Tutto ciò porta la persona a diventare incapace di percepire le proprie esperienze emotive e affettive.
Così chi soffre di panico tenderà in maniera non consapevole a tenere le proprie emozioni sotto controllo, e indirizzerà la propria attenzione sugli aspetti fisici delle emozioni, ad esempio battiti del cuore accelerati, mancanza d'aria, trascurando ogni implicazione affettiva e relazionale.

Come si curano gli attacchi di panico?

Il trattamento degli attacchi di panico, soprattutto se si interviene precocemente, può portare a miglioramenti significativi ed anche alla "guarigione", in seguito a un percorso psicoterapeutico del profondo associato o meno a una cura farmacologica.

Prima è bene sottoporsi a una serie di esami medici per escludere la possibilità di altre cause dei propri sintomi: un eccessivo livello dell'ormone tiroideo, la presenza di epilessia o di aritmia cardiaca possono causare sintomi simili a quelli degli attacchi di panico. Via via che la psicoterapia farà il suo effetto sarà possibile ridurre i farmaci fino a eliminarli.

Nella psicoterapia del profondo l'attenzione è volta soprattutto sulla personalità del paziente.
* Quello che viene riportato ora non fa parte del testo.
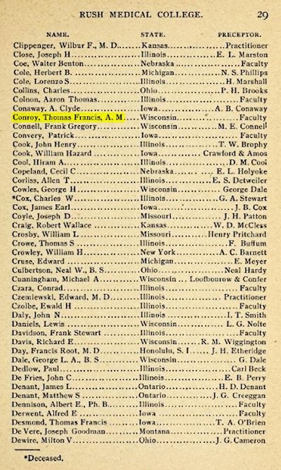 Thomas Frank Conroy Graduated from Rush Medical College-2, Chicago, class of 1896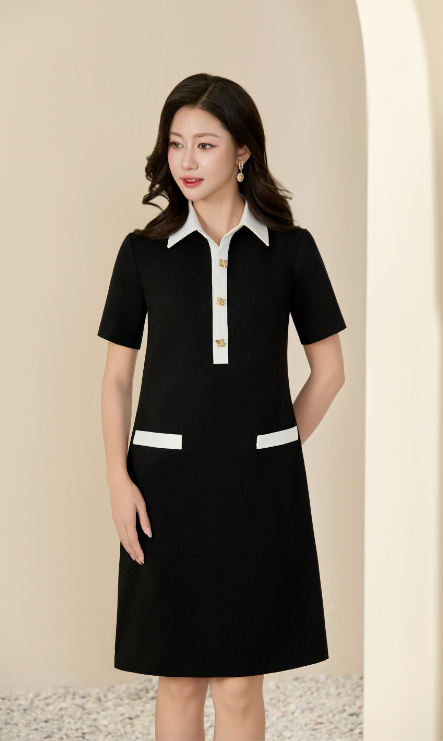 Váy Dera thiết kế dáng suông phối cổ viền trắng cúc đồng tối giản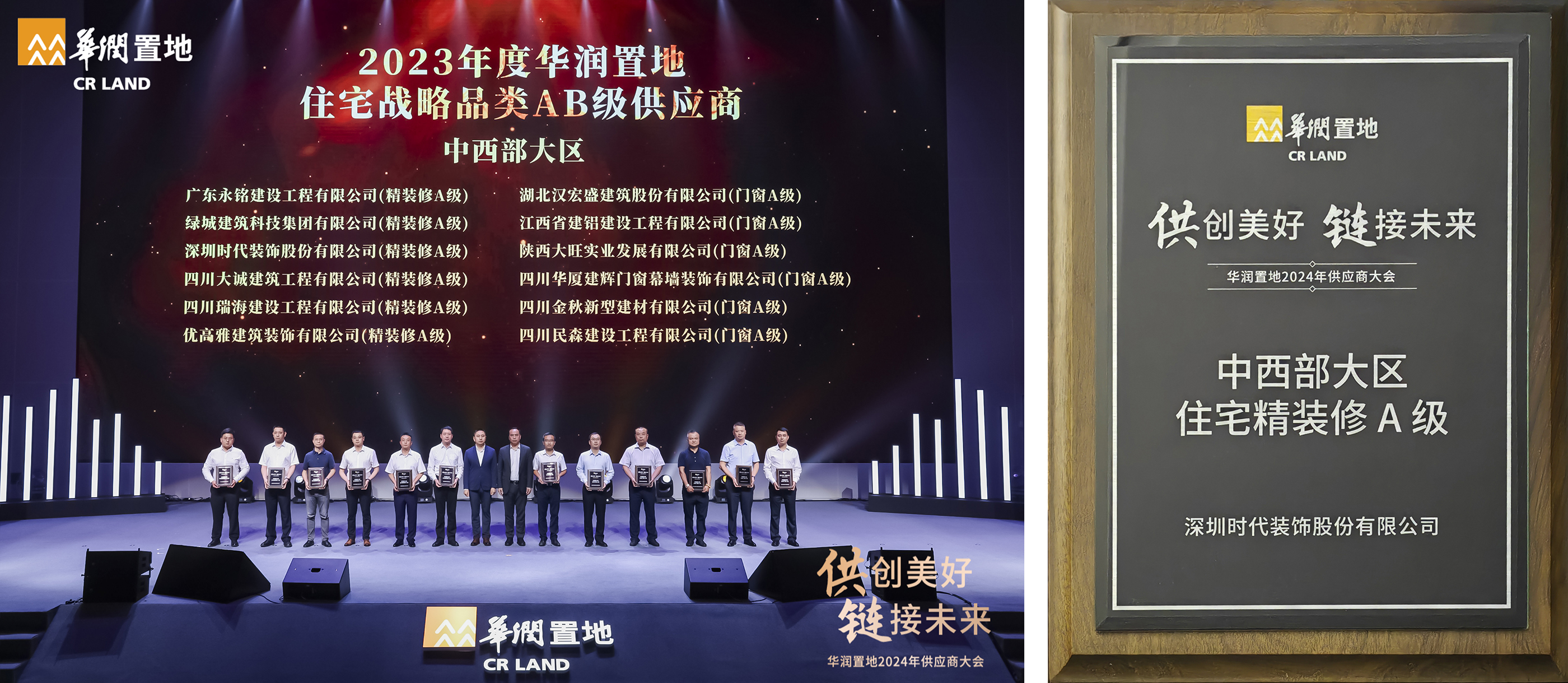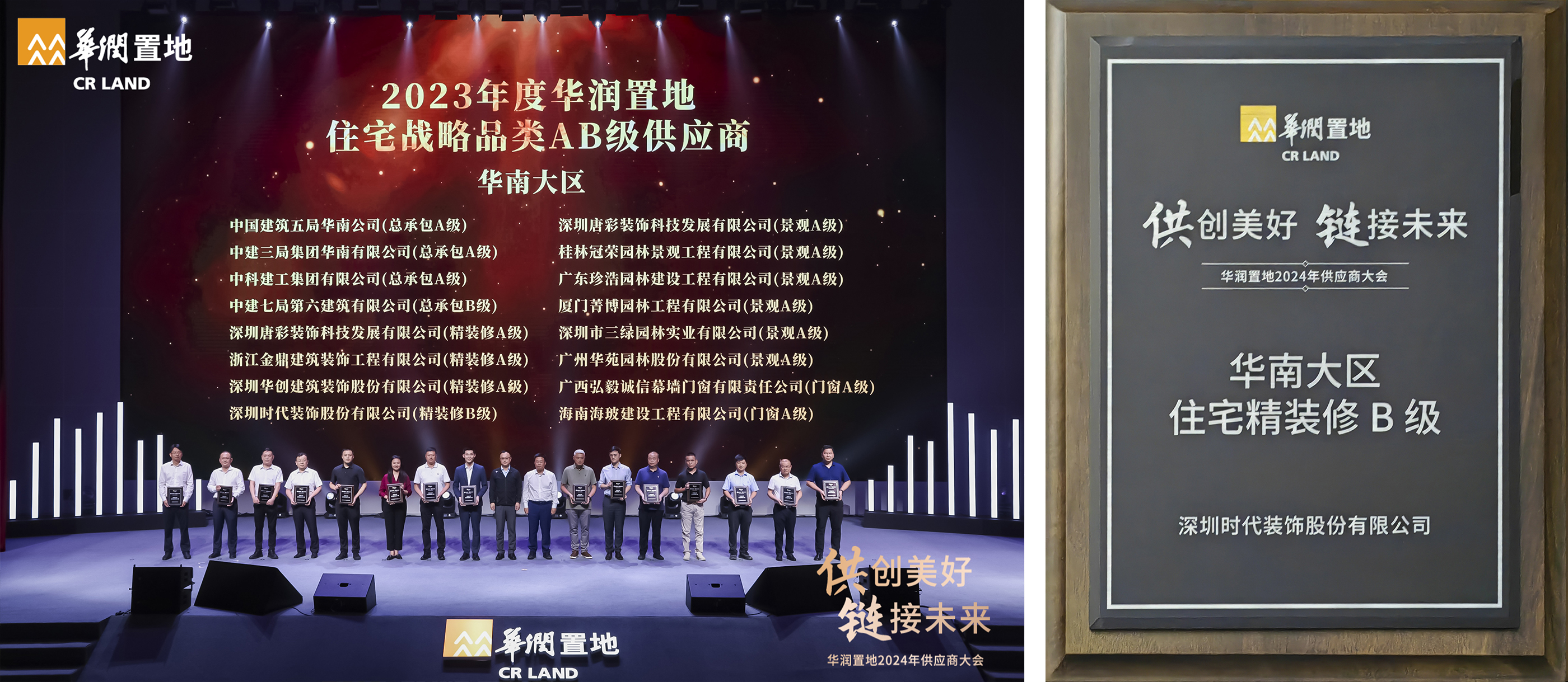 摘要:5月30日,時代裝飾出席華潤置地2024年供應商大會并獲多項榮譽。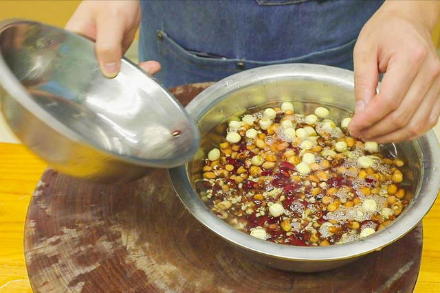 1.红芸豆、赤小豆、花豇豆、薏米、花生、莲子清洗干净挑出坏豆子;江米和红枣一起放入蒸锅内,用中火蒸30分钟,在蒸制江米加水的量没过江米一个指节即可。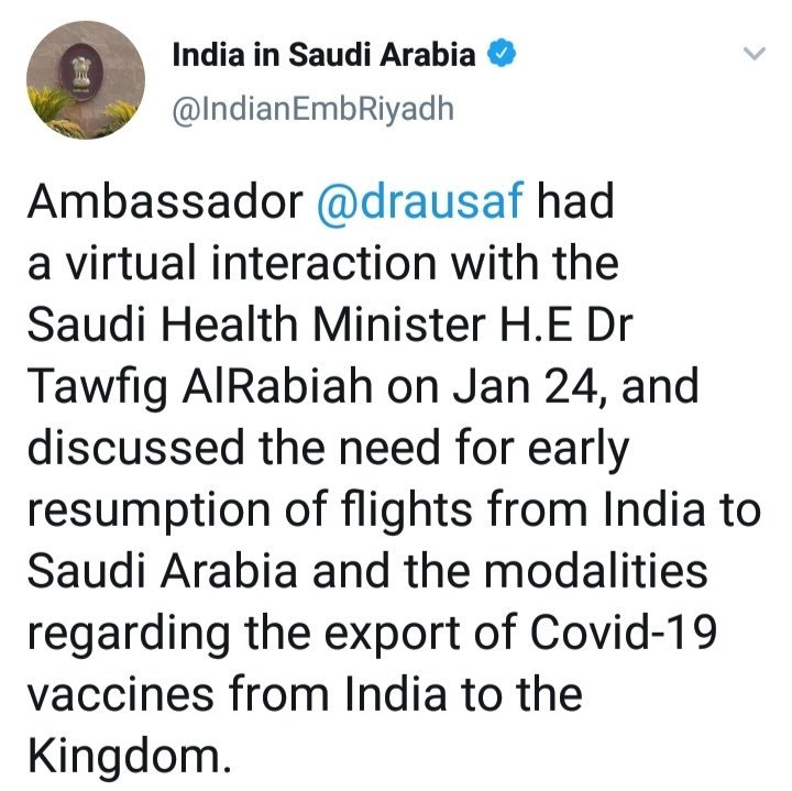 ಸೌದಿ ಆರೋಗ್ಯ ಸಚಿವ ಡಾ.ತೌಫಿಕ್ ಅಲ್-ರಬಿಯಾ ಅವರೊಂದಿಗೆ ಮಾತುಕತೆ ನಡೆಸಿರುವ ಸುದ್ದಿಯನ್ನು ಸೌದಿ ಅರೇಬಿಯಾದ ಭಾರತೀಯ ರಾಯಭಾರ ಕಚೇರಿ ಸಾಮಾಜಿಕ ಮಾಧ್ಯಮದಲ್ಲಿ ಹಂಚಿಕೊಂಡಿದೆ. ಭಾರತದಿಂದ ಸೌದಿ ಅರೇಬಿಯಾಕ್ಕೆ ಕೋವಿಡ್ ಲಸಿಕೆ ರಫ್ತು ಮಾಡುವ ಬಗ್ಗೆ ಕೂಡ ಚರ್ಚಿಸಲಾಗಿದೆ ಎಂದು ದೂತಾವಾಸ ತಿಳಿಸಿದೆ.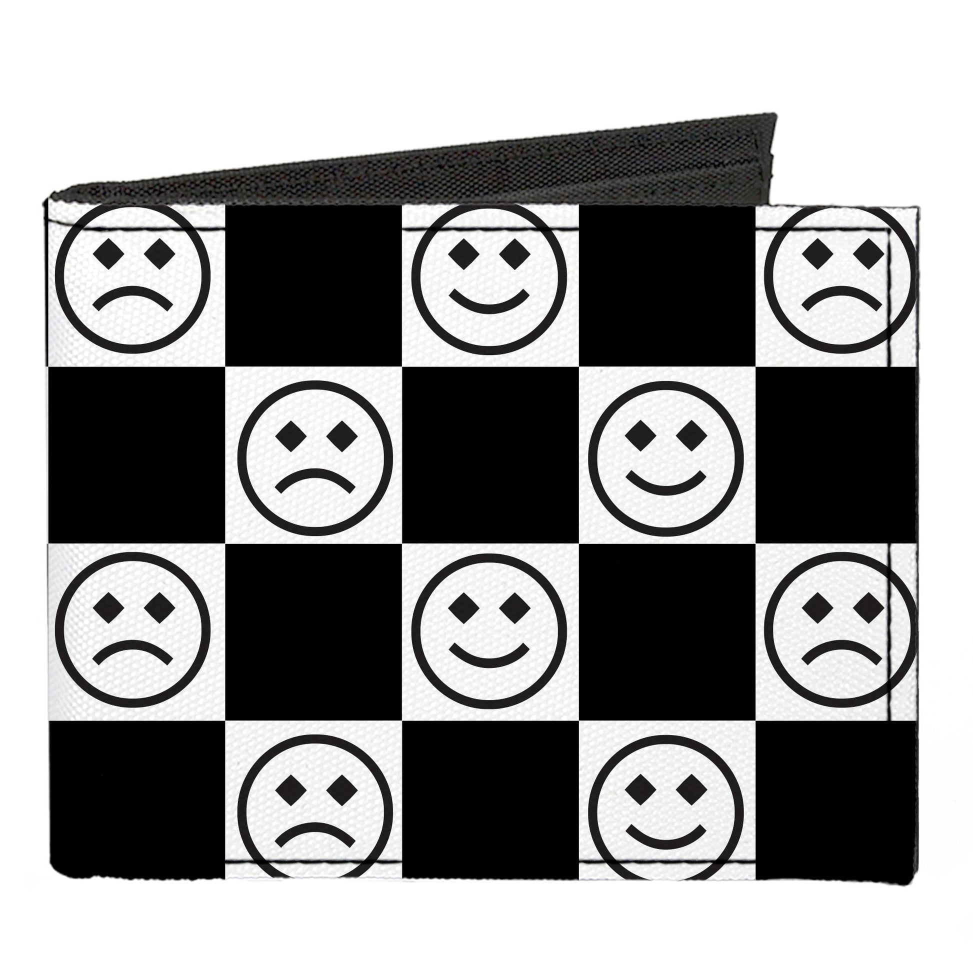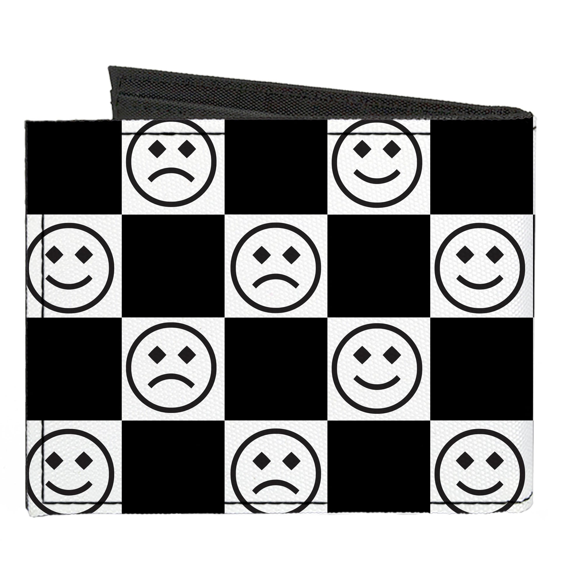Canvas Bi-Fold Wallet - Smiley Sad Face Checker Black/White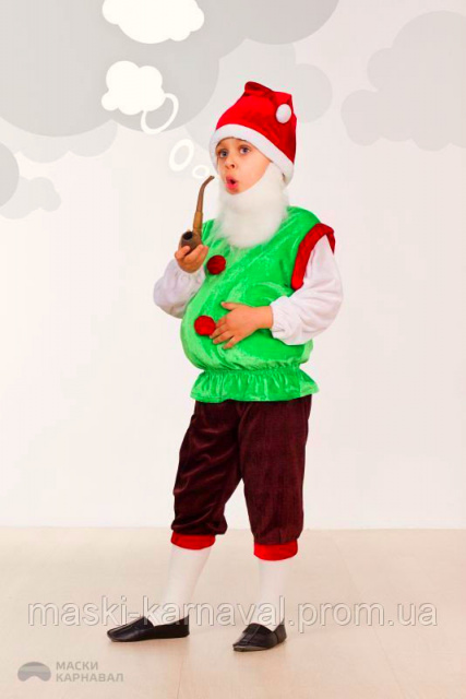 Карнавльный костюм Гномика, Эльфа или Помощника Санты детский, на ваше усмотрение с бородой на рост 104-122 см. В комплекте шапка с бородой, туника, бриджи велюр черные, коричневые кожаные ботинки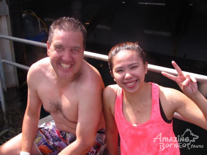 実習生である私は2015年7月6日に初めてボルネオ・リーフ・ワールドへ行きました。 8時半にガイドのベルとともにドライバーのズルと合流しました。 そして8時45分にガヤ・センター・ホテルへオーストラリアからの旅行者グラハムさんを迎えに行きました。 9時にスピードボートでボルネオ・リーフ・ワールドへ向けて出発しました。 ポンツーンまでおよそ30分かかりました。 到着後すぐに、朝食を給されました。
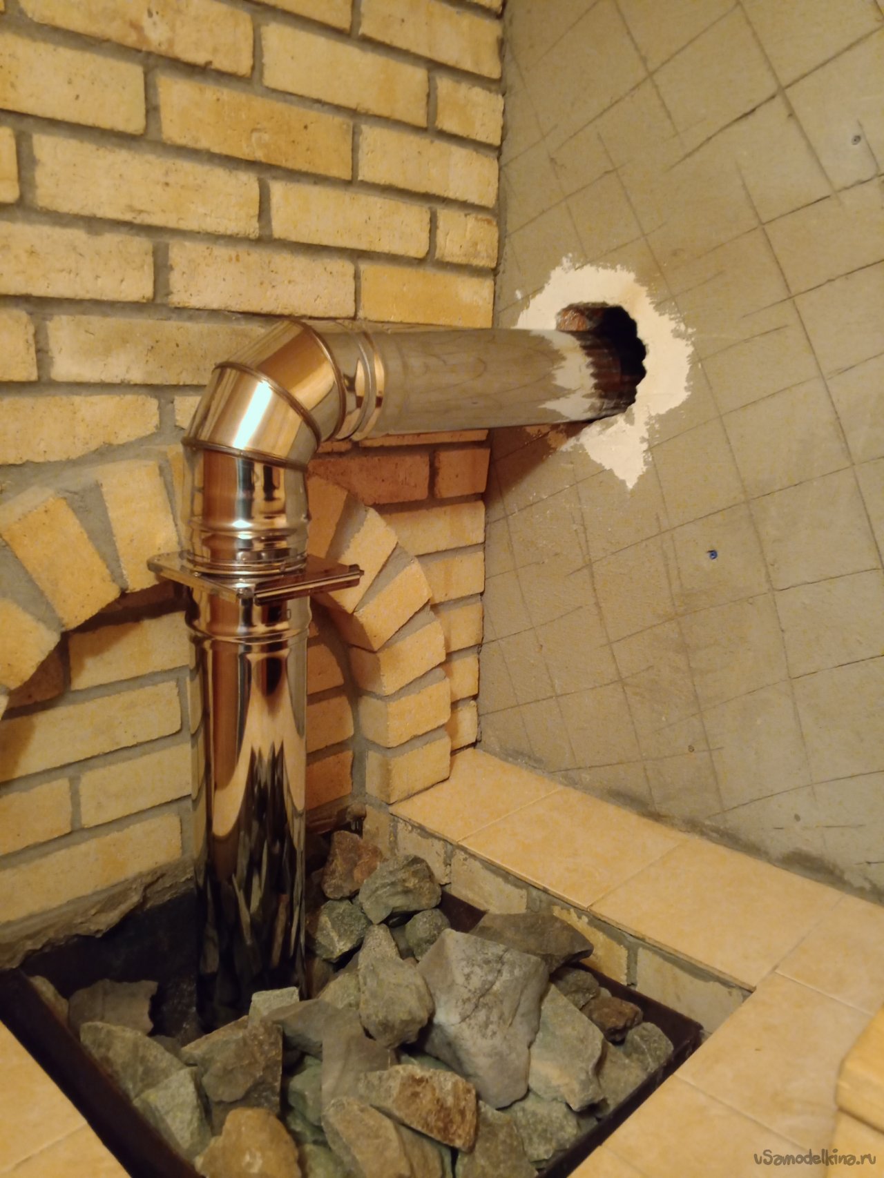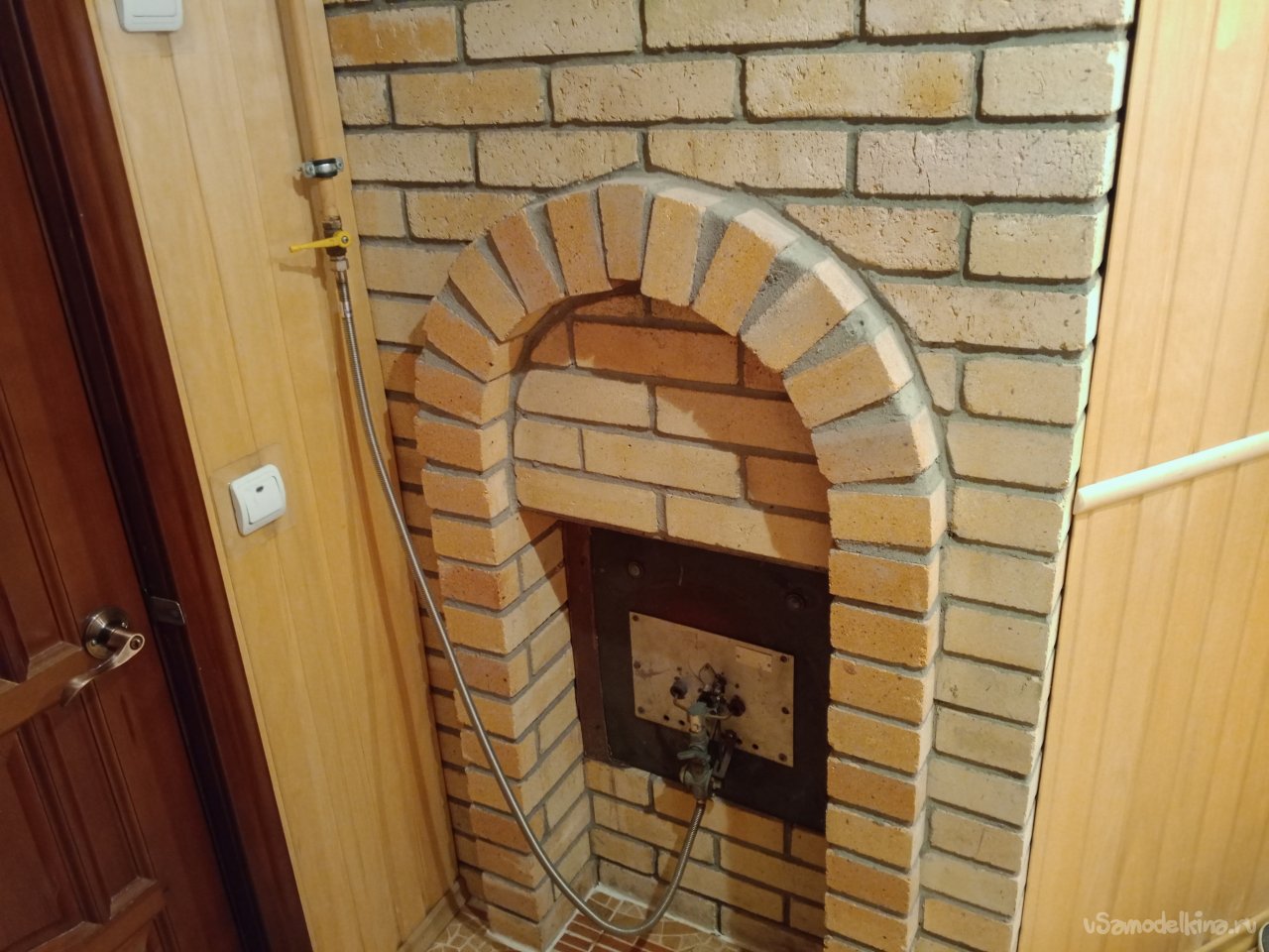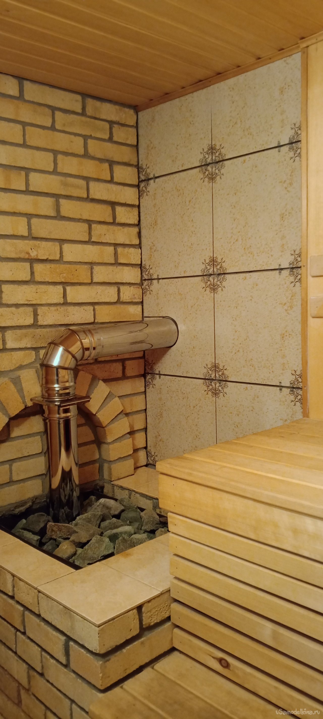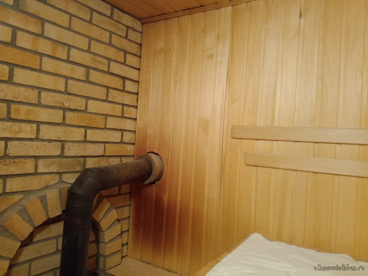 Сауна располагается в доме, отдельным помещением, используется в основном в зимний период. Печь работает на газе, стационарно подведенного газопровода. Газоход в шахту вентиляции, угловая наборная труба 120 мм. с поворотным шибером. Стена капитальная.

Non si possono curare i sintomi senza tenere conto della struttura caratteriale del singolo individuo, che è unico e irripetibile.
L'attenzione del terapeuta sarà rivolta alle esperienze di vita presenti e passate del soggetto, ai suoi sentimenti, aspirazioni, timori, difficoltà e capacità, senza ignorare quindi le risorse, interne ed esterne, che ha a disposizione.

Questo tipo di psicoterapia è basato sul dialogo tra due persone, paziente e terapeuta, che hanno ruoli diversi, esperienze di vita e modi di pensare e "sentire" in parte simili e in parte differenti. È una forma di dialogo che oscilla in continuazione tra la "ritualità" (le regole della psicoterapia) e la "spontaneità" del rapporto tra due esseri umani.
Si lavorerà concordando un numero di sedute che varia da una o due alla settimana e il o i giorni in cui avverranno le sedute.